1) When did you first realize you wanted to be a writer?
I've been creative all my life and have always striven for outlets to express it. I've tried strict Fine Arts, including drawing, painting and sculpture. I've tried graphic arts, illustration and animation, and I've had a measure of success in all of them.
The one form of expression I feel the most comfortable and immersed in is writing. So to be specific, about 20 years ago, when I saw that the most creative and best feeling I've had was when I finished writing something. I didn't have the impatience I have when drawing or creating something visual. It was simply giving in to the process and moving with it.
2) How long did it take you to write Mad Gods?
It took about ten years. It's gone through many incarnations. First the title Mad Gods is an appropriation of the Joe Cocker album Mad Dogs & Englishmen. Never had it, never heard it, but I saw it in an old record store & thought it was a cool title. It stayed with me till I wanted a title for an earlier comic book version that I called Mad Gods & Buried Children. It was about a giant guy, a natural hulk who was also scarred badly in his youth. Due to his abnormal size he was thought of as a monster, a damned creature that had to be a creation of the devil. So the Antichrist hadn't come into my mind until way later in the Mad Gods & Buried Children timeline.
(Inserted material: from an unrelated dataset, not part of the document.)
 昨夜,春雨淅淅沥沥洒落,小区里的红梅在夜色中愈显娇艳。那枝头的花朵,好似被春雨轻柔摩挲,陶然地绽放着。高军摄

So this huge hulking guy, Bear, comes along in my imagination with this terrible childhood. That's the buried children part. So I follow the ideas in my head till since he was considered a monster & was damned, creation of the devil, yadda, yadda, yadda, that's when I thought, why isn't he the Antichrist? I also didn't want him to be huge but wanted him to be beneath notice, an everyman, all the more insidious because he could be anybody, look like anybody. Medium height, medium build, brown hair, brown eyes, no discernible racial characteristics, nothing impressive or frightening until you find out he's the Antichrist.
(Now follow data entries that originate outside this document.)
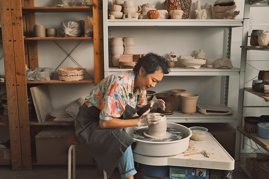 从事陶瓷工作已20多年的李秀莹(66岁),仍继续享受着这一爱好带来的创作乐趣。她创作的作品既实用又有欣赏价值,比如用来储存茶叶的罐子。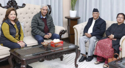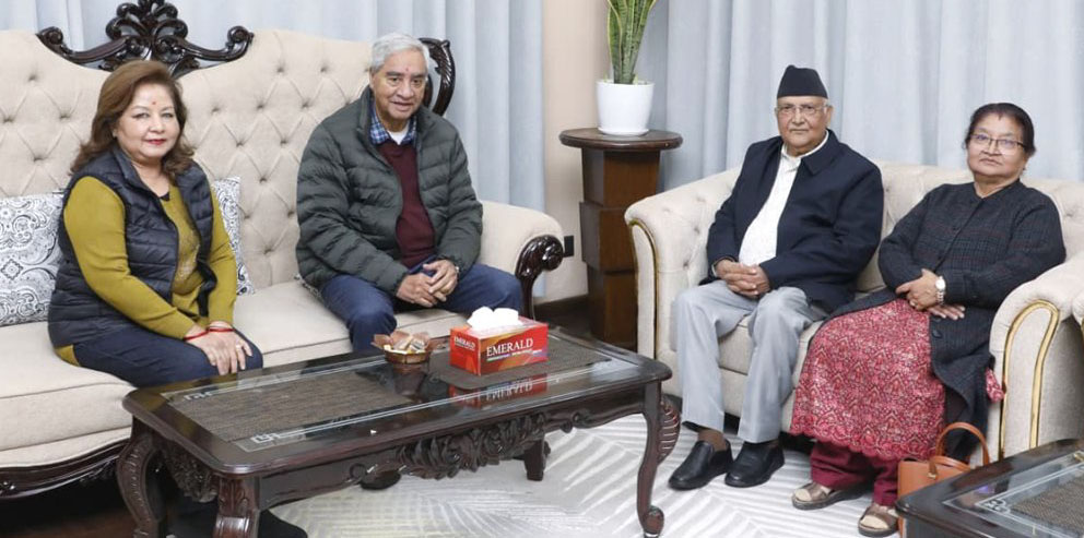 गत भदौ २३ र २४ को जेनजी आन्दोलनपछि ओली र देउवा पहिलो पटक प्रत्यक्ष भेटवार्ता भएको हो। देउवा भेट्न एमाले अध्यक्ष ओली पत्नी राधिका शाक्यलाई लिएर महाराजगञ्ज पुगेका थिए। देउवासँग उनकी धर्मपत्नी कांग्रेस नेतृ डा.आरजु राणा पनि सहभागी छन्।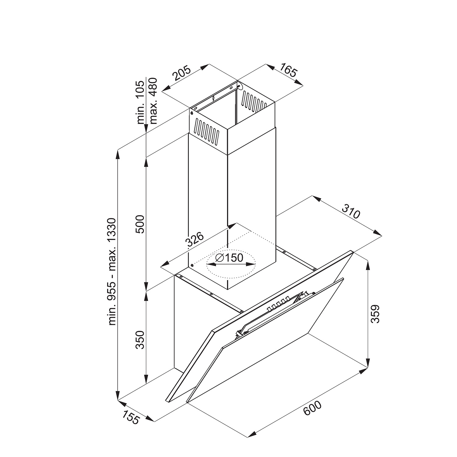 - Abluftstutzen: 150 mm Ø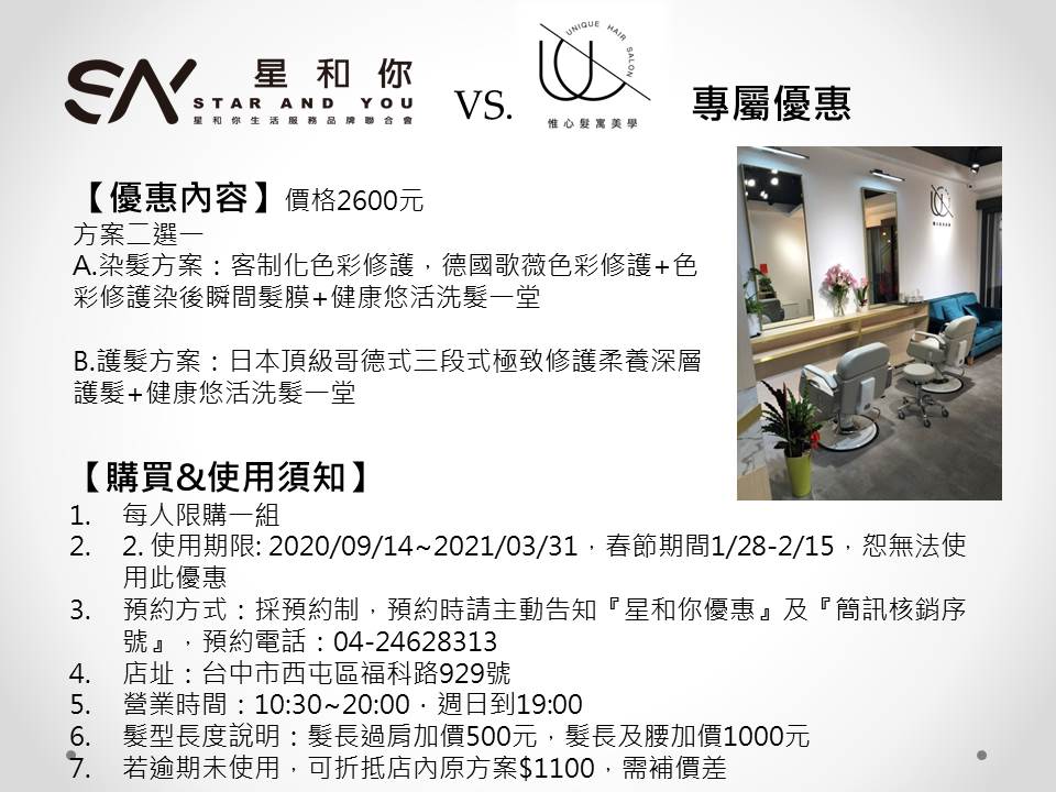 3 .預約方式:採預約制,預約時請主動告知『星和你優惠』及『簡訊核銷序號』,預約電話:04-24628313

3) What is your work schedule like when you're writing?
I'm a morning person. Well not bright and cheery, but I can get TONS done if you just leave me alone to do it, in the morning.
That's when my mind is closest to subconscious and I have the shortest trip to get to what I'll need to write. I have a day job where I can do a lot of the preliminaries and promotional parts of indie authorship. Yet when it comes down to doing the grunt work of pulling the tale out of my head I need quiet. I can do my job, graphics and video editing listening to music, or watching some television, or documentaries on my computer and have no problems with concentration. Writing, however, is totally distracting. I can't do anything else. I can't listen to music, or watch anything on computer. So it's difficult to find a place to concentrate on it. It's getting better, though because I can work on the train on my way to and back from work.
4) What would you say is your interesting writing quirk?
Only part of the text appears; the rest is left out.